## Task requirements
Before you write out the listing, remove the pictures; everything else stays exactly as it is.

## Raw data
-------

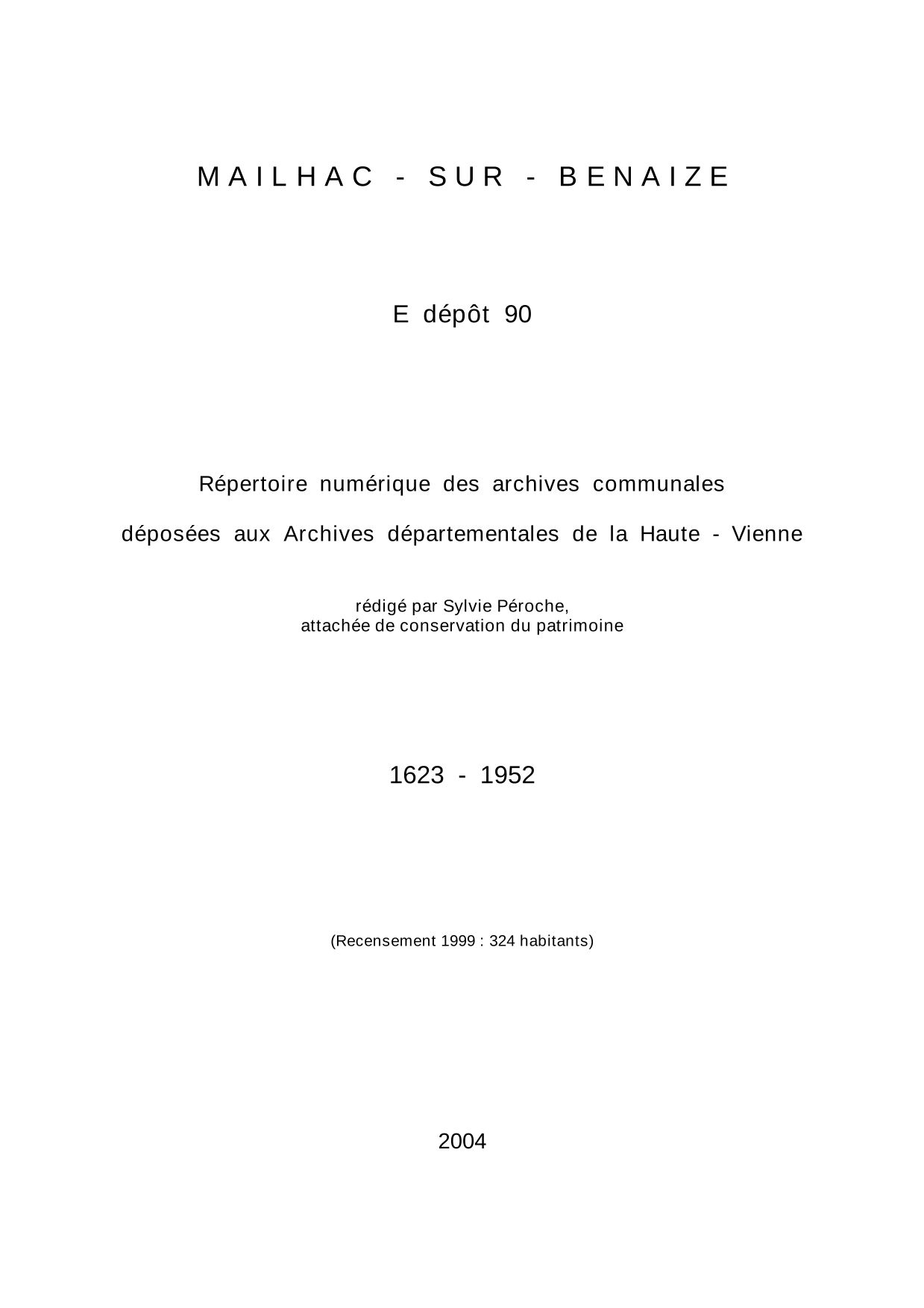 Commune de Mailhac-sur-Benaize. Répertoire numérique des archives communales déposées aux Archives départementales de la Haute-Vienne, par S. Péroche, 2004, 5 p. dact.
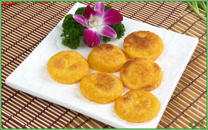 2.锅内加油,南瓜饼下油炸至金黄色即可。
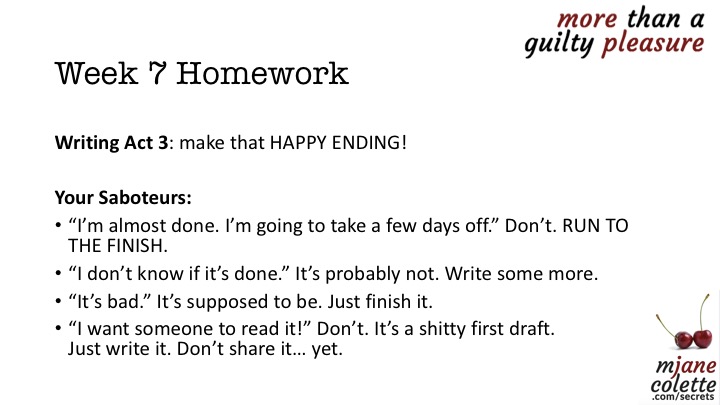Now, all of you are writing M-F romance this week, so remember, your ruling principle:

-------

## Solution to the problem
 Commune de Mailhac-sur-Benaize. Répertoire numérique des archives communales déposées aux Archives départementales de la Haute-Vienne, par S. Péroche, 2004, 5 p. dact.
 2.锅内加油,南瓜饼下油炸至金黄色即可。
Now, all of you are writing M-F romance this week, so remember, your ruling principle:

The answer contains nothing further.